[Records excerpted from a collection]
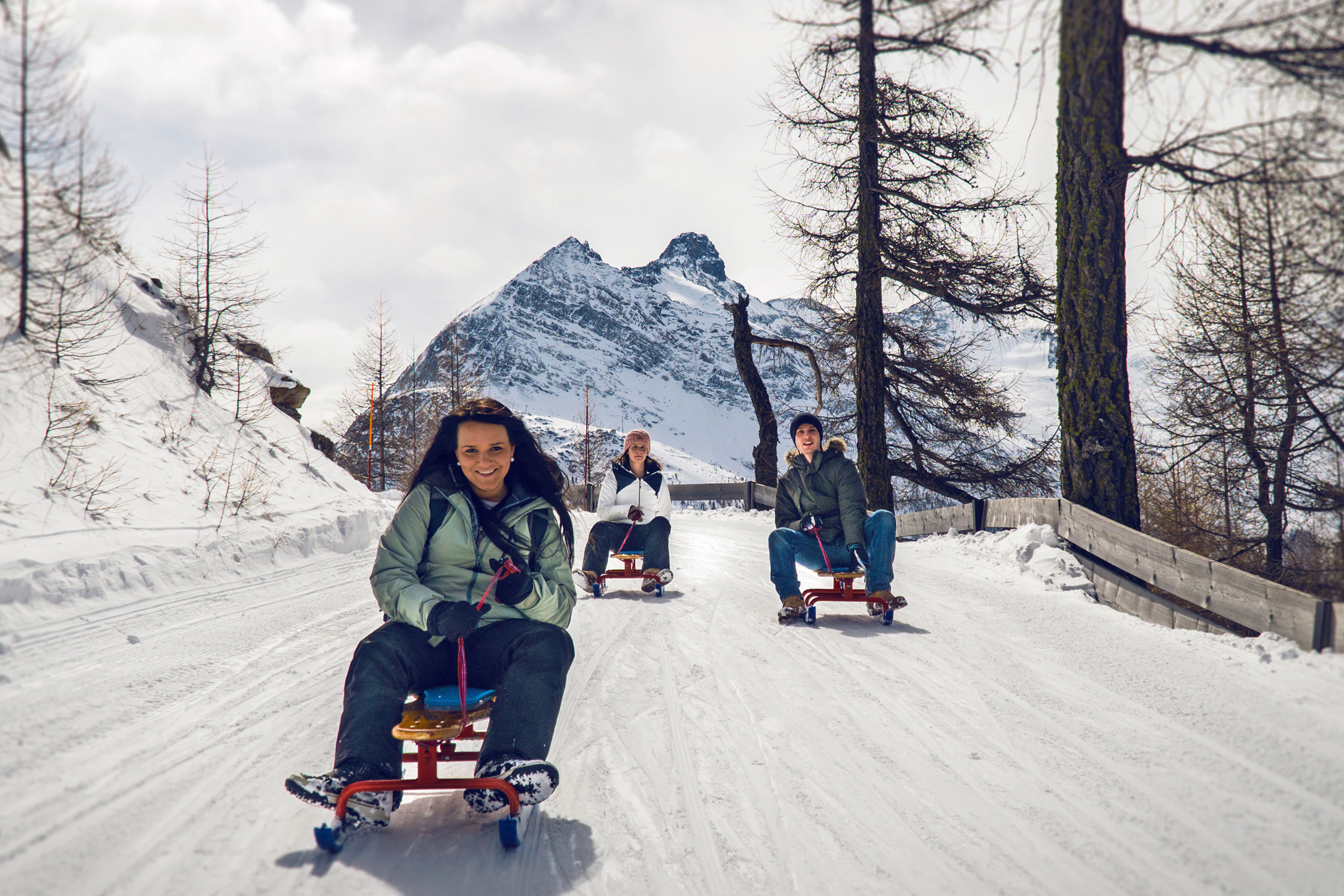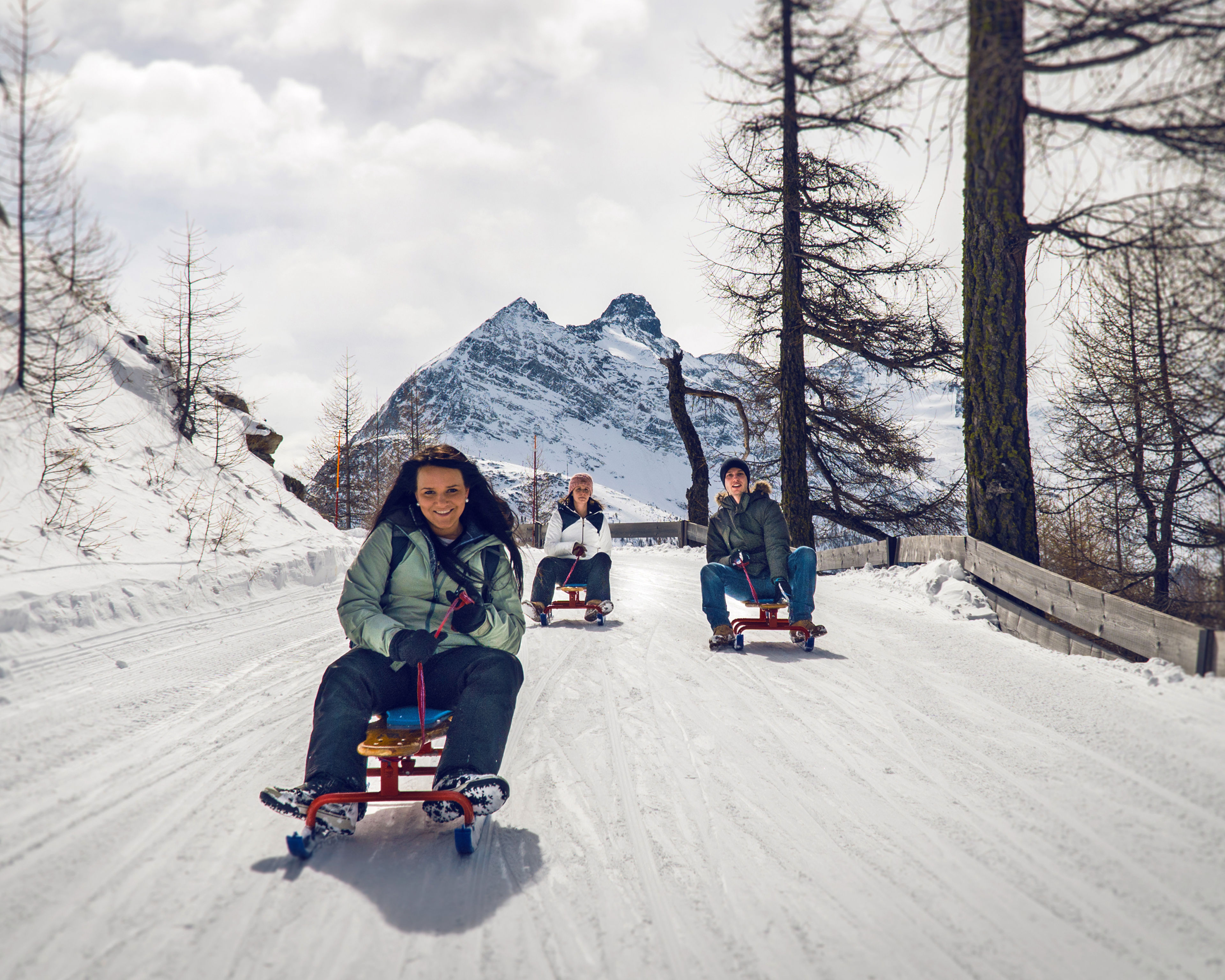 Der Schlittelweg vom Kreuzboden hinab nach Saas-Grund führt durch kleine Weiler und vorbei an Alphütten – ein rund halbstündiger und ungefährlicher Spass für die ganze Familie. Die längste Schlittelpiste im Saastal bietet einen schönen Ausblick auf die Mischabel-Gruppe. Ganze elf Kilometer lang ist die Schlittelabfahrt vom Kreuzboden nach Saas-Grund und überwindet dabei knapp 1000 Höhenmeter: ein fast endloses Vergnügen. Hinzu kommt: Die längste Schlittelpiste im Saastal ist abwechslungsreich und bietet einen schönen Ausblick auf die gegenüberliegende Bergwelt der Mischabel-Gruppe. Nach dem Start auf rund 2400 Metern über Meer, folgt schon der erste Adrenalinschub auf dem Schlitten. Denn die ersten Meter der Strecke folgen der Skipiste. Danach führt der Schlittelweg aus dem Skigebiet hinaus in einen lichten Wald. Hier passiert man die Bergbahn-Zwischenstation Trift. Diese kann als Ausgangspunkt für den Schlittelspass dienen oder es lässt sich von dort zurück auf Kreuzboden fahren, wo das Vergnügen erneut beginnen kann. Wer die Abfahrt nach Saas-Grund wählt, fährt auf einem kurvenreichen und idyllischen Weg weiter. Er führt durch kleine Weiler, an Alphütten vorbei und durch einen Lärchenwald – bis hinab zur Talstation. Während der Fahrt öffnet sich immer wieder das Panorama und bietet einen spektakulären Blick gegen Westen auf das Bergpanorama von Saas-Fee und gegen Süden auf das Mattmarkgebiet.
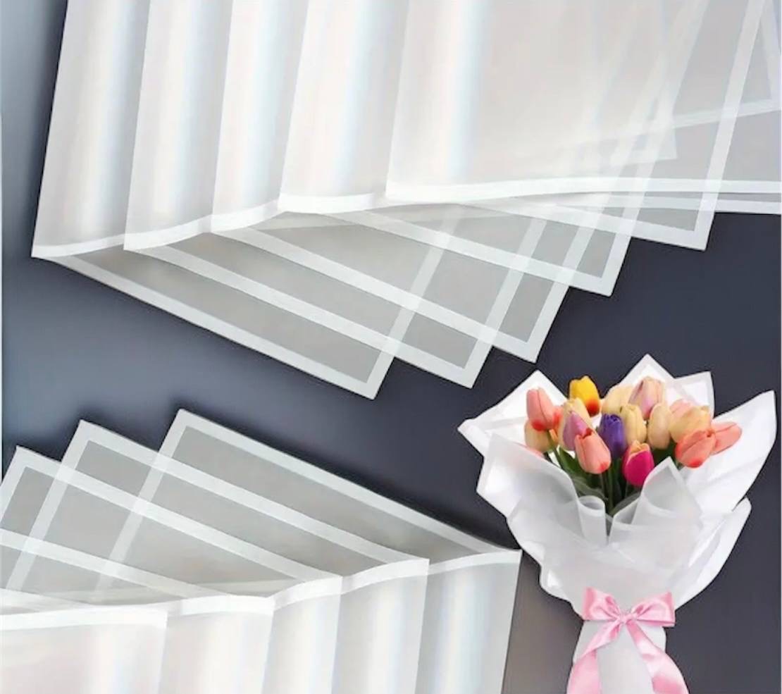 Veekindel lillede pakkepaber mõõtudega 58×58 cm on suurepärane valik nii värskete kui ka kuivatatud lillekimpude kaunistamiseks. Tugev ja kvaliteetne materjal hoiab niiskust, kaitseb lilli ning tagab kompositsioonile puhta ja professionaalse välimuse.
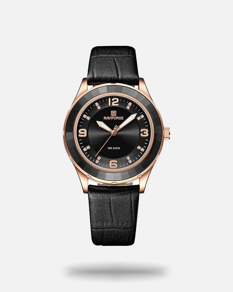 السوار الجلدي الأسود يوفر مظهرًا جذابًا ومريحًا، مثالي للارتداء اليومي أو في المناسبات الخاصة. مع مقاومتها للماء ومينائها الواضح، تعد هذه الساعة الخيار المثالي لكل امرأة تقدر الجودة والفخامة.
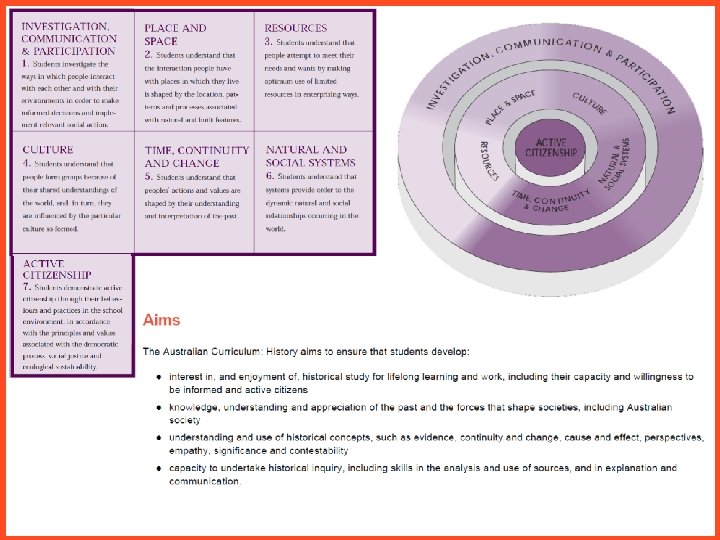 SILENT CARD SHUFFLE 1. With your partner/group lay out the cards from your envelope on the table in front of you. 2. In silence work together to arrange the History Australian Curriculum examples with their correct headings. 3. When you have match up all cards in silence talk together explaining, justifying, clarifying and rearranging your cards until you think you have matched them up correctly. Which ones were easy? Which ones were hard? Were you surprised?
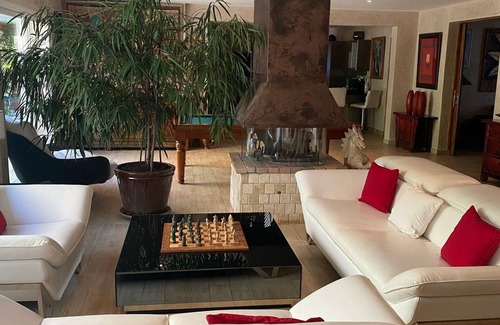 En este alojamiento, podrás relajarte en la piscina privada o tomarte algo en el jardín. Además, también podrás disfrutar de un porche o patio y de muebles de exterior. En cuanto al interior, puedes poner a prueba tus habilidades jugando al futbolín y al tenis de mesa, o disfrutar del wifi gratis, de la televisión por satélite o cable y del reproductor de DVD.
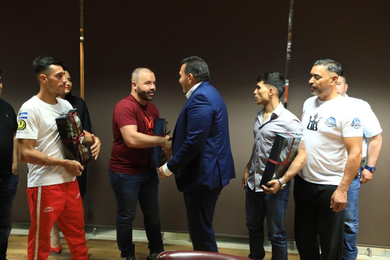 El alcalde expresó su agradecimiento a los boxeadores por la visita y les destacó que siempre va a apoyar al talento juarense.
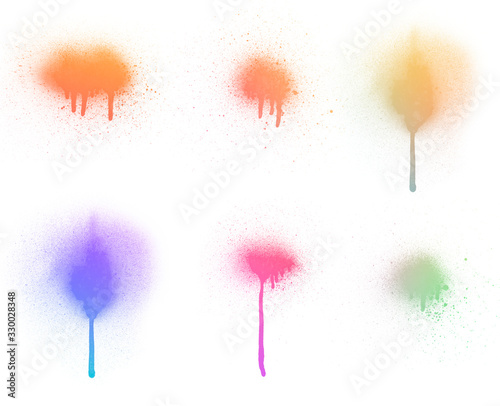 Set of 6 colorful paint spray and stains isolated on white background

PROBLEM. Return the data exactly as it stands, minus the pictures.

SOLUTION TO THIS PROBLEM.
 Der Schlittelweg vom Kreuzboden hinab nach Saas-Grund führt durch kleine Weiler und vorbei an Alphütten – ein rund halbstündiger und ungefährlicher Spass für die ganze Familie. Die längste Schlittelpiste im Saastal bietet einen schönen Ausblick auf die Mischabel-Gruppe. Ganze elf Kilometer lang ist die Schlittelabfahrt vom Kreuzboden nach Saas-Grund und überwindet dabei knapp 1000 Höhenmeter: ein fast endloses Vergnügen. Hinzu kommt: Die längste Schlittelpiste im Saastal ist abwechslungsreich und bietet einen schönen Ausblick auf die gegenüberliegende Bergwelt der Mischabel-Gruppe. Nach dem Start auf rund 2400 Metern über Meer, folgt schon der erste Adrenalinschub auf dem Schlitten. Denn die ersten Meter der Strecke folgen der Skipiste. Danach führt der Schlittelweg aus dem Skigebiet hinaus in einen lichten Wald. Hier passiert man die Bergbahn-Zwischenstation Trift. Diese kann als Ausgangspunkt für den Schlittelspass dienen oder es lässt sich von dort zurück auf Kreuzboden fahren, wo das Vergnügen erneut beginnen kann. Wer die Abfahrt nach Saas-Grund wählt, fährt auf einem kurvenreichen und idyllischen Weg weiter. Er führt durch kleine Weiler, an Alphütten vorbei und durch einen Lärchenwald – bis hinab zur Talstation. Während der Fahrt öffnet sich immer wieder das Panorama und bietet einen spektakulären Blick gegen Westen auf das Bergpanorama von Saas-Fee und gegen Süden auf das Mattmarkgebiet.
 Veekindel lillede pakkepaber mõõtudega 58×58 cm on suurepärane valik nii värskete kui ka kuivatatud lillekimpude kaunistamiseks. Tugev ja kvaliteetne materjal hoiab niiskust, kaitseb lilli ning tagab kompositsioonile puhta ja professionaalse välimuse.
 السوار الجلدي الأسود يوفر مظهرًا جذابًا ومريحًا، مثالي للارتداء اليومي أو في المناسبات الخاصة. مع مقاومتها للماء ومينائها الواضح، تعد هذه الساعة الخيار المثالي لكل امرأة تقدر الجودة والفخامة.
 SILENT CARD SHUFFLE 1. With your partner/group lay out the cards from your envelope on the table in front of you. 2. In silence work together to arrange the History Australian Curriculum examples with their correct headings. 3. When you have match up all cards in silence talk together explaining, justifying, clarifying and rearranging your cards until you think you have matched them up correctly. Which ones were easy? Which ones were hard? Were you surprised?
 En este alojamiento, podrás relajarte en la piscina privada o tomarte algo en el jardín. Además, también podrás disfrutar de un porche o patio y de muebles de exterior. En cuanto al interior, puedes poner a prueba tus habilidades jugando al futbolín y al tenis de mesa, o disfrutar del wifi gratis, de la televisión por satélite o cable y del reproductor de DVD.
 El alcalde expresó su agradecimiento a los boxeadores por la visita y les destacó que siempre va a apoyar al talento juarense.
 Set of 6 colorful paint spray and stains isolated on white background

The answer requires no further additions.